On Tue, Mar 12, 2013 at 07:44:10PM -0700, Ethan Jackson wrote:
> Traditionally, Open vSwitch has used a variant of 802.1ag "CFM" for
> interface liveness detection.  This has served us well until now,
> but has several serious drawbacks which have steadily become more
> inconvenient.  First, the 802.1ag standard does not implement
> several useful features forcing us to (optionally) break
> compatibility.  Second, 802.1.ag is not particularly popular
> outside of carrier grade networking equipment.  Third, 802.1ag is
> simply quite awkward.
> 
> In an effort to solve the aforementioned problems, this patch
> implements BFD which is ubiquitous, well designed, straight
> forward, and implements required features in a standard way.  The
> initial cut of the protocol focuses on getting the basics of the
> specification correct, leaving performance optimizations, and
> advanced features as future work.  The protocol should be
> considered experimental pending future testing.
> 
> Signed-off-by: Ethan Jackson <et...@nicira.com>

bfd.c
-----

> +#include <config.h>
> +#include <bfd.h>

We usually use double quotes ("bfd.h") for our own headers.

> +/* XXX Finish Experimnetal BFD support.

What part is experimental?  (The protocol or the implementation?)

> + * - CFM random VLAN option equivalent.  Instead of vlan, randomly modulate 
> the
> + *   UDP source port to get the required entropy.

Ugh.  Do we really need random anything?  I've never liked that
"feature".

> +#define BFD_VERSION 1

I think the following is microseconds, could you add a comment /*
microseconds */, put _USEC in the name, etc.?

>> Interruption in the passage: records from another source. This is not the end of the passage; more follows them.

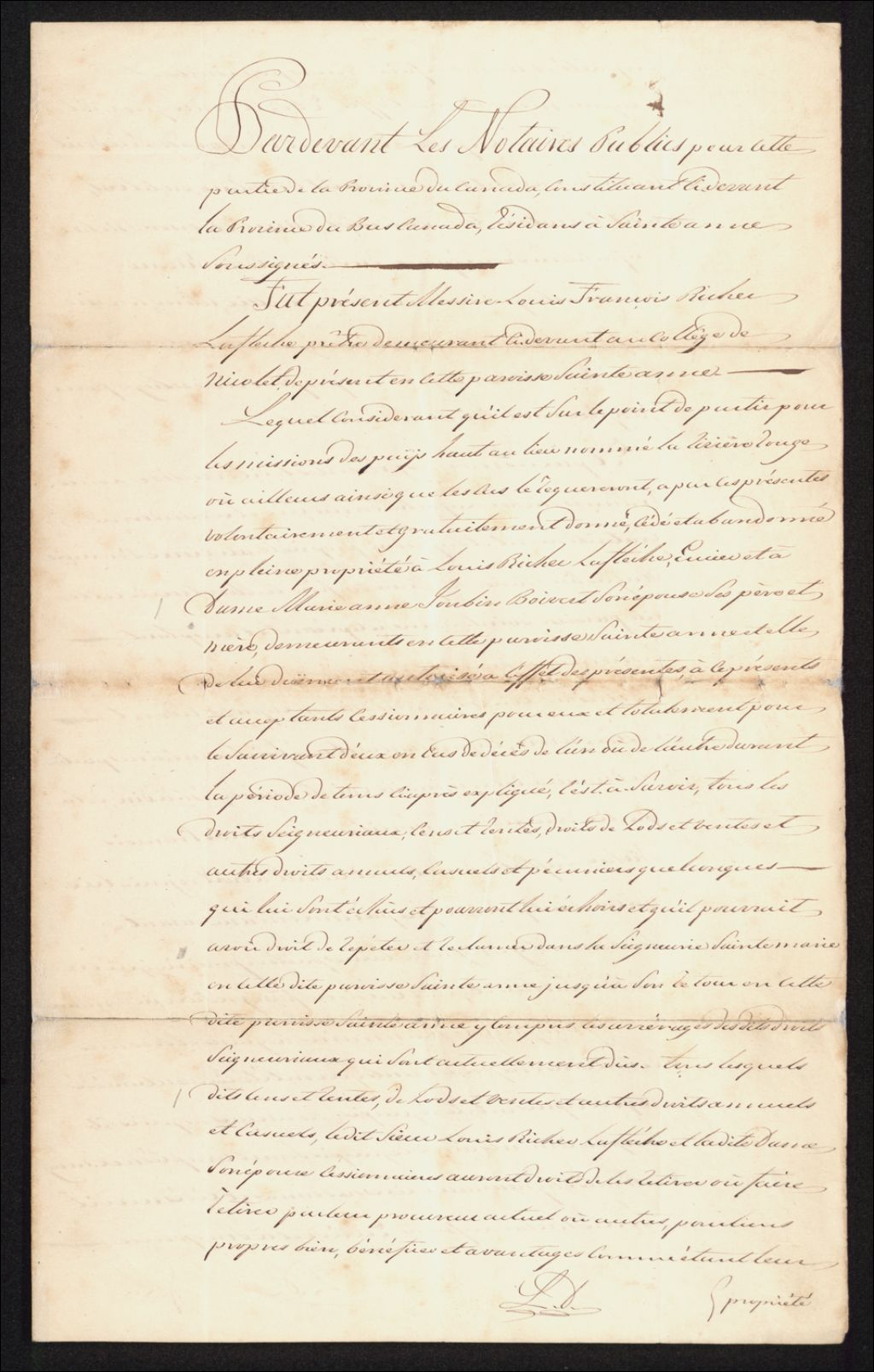 - Donation (droits seigneuriaux et départ pour évangélisation de Mgr. Laflèche) entre Louis Richer-Laflèche et René Cadot et Louis-François Richer-Laflèche, Louis et Augustin par Joseph-Casimir Dury, notaire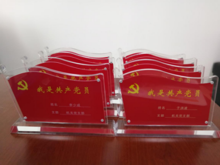活动中,机关支部党员结合自身岗位实际,做出争创“党员先锋岗”承诺,由支部统一制作“我是共产党员”座牌,摆放在每位党员办公桌的醒目位置。通过座牌亮出党员光荣身份,时刻警醒和监督党员,践行承诺,接受群众监督,使党员的身份意识、责任意识和先锋模范意识得到进一步提高。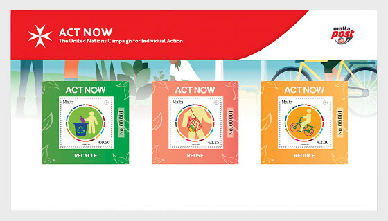This Malta stamp issue supports this campaign by encapsulating three separate symbols, one on each stamp; Reduce, Reuse and Recycle, also called the 3 Rs.

> +#define OVS_BFD_MIN_RX 200000

I'd be half-inclined to write the states as 0 << 6, 1 << 6, 2 << 6, 3
<< 6.  But it doesn't really matter:

> +enum state {
> +    STATE_ADMIN_DOWN = 0,
> +    STATE_DOWN = 1,
> +    STATE_INIT = 2,
> +    STATE_UP = 3
> +};

...

> +/* RFC 5880 Section 4.1

I think you left out the line that gives the first digits of the
two-digit numbers here.  It's harder to read without them:

> + *  0 1 2 3 4 5 6 7 8 9 0 1 2 3 4 5 6 7 8 9 0 1 2 3 4 5 6 7 8 9 0 1
> + * +-+-+-+-+-+-+-+-+-+-+-+-+-+-+-+-+-+-+-+-+-+-+-+-+-+-+-+-+-+-+-+-+
> + * |Vers |  Diag   |Sta|P|F|C|A|D|M|  Detect Mult  |    Length     |
> + * +-+-+-+-+-+-+-+-+-+-+-+-+-+-+-+-+-+-+-+-+-+-+-+-+-+-+-+-+-+-+-+-+
> + * |                       My Discriminator                        |
> + * +-+-+-+-+-+-+-+-+-+-+-+-+-+-+-+-+-+-+-+-+-+-+-+-+-+-+-+-+-+-+-+-+
> + * |                      Your Discriminator                       |
> + * +-+-+-+-+-+-+-+-+-+-+-+-+-+-+-+-+-+-+-+-+-+-+-+-+-+-+-+-+-+-+-+-+
> + * |                    Desired Min TX Interval                    |
> + * +-+-+-+-+-+-+-+-+-+-+-+-+-+-+-+-+-+-+-+-+-+-+-+-+-+-+-+-+-+-+-+-+
> + * |                   Required Min RX Interval                    |
> + * +-+-+-+-+-+-+-+-+-+-+-+-+-+-+-+-+-+-+-+-+-+-+-+-+-+-+-+-+-+-+-+-+
> + * |                 Required Min Echo RX Interval                 |
> + * +-+-+-+-+-+-+-+-+-+-+-+-+-+-+-+-+-+-+-+-+-+-+-+-+-+-+-+-+-+-+-+-+ */

The BFD timers are 32-bit counts of microseconds.  The timers in
struct bfd are 64-bit and appear to be milliseconds, but I'm not
certain that all of them have the same unit.  Comments on units would
be welcome.  Do they need to be 64-bit?

...

> +/* Returns a 'smap' of key value pairs representing the status of 'bfd'
> + * intended for the OVS database. */
> +void
> +bfd_get_status(const struct bfd *bfd, struct smap *smap)
> +{
> +    smap_add(smap, "forwarding", bfd_forwarding(bfd) ? "true" : "false");
> +    smap_add(smap, "state", bfd_state_str(bfd->state));
> +    smap_add(smap, "diagnostic", bfd_diag_str(bfd->diag));
> +
> +    if (bfd->state != STATE_DOWN) {

Spaces are OK in the OVSDB protocol but I don't think we use them
much.  Usually we use hyphen or underscores (probably should
standardize that in fact):

> +        smap_add(smap, "remote state", bfd_state_str(bfd->rmt_state));
> +        smap_add(smap, "remote diagnostic", bfd_diag_str(bfd->rmt_diag));
> +    }
> +}

The interface for bfd_configure() is unusual.  It does seem to be
appropriate.

bfd_configure() checks for a key "enable" in the configuration that is
passed in, but I don't see any documentation for that key.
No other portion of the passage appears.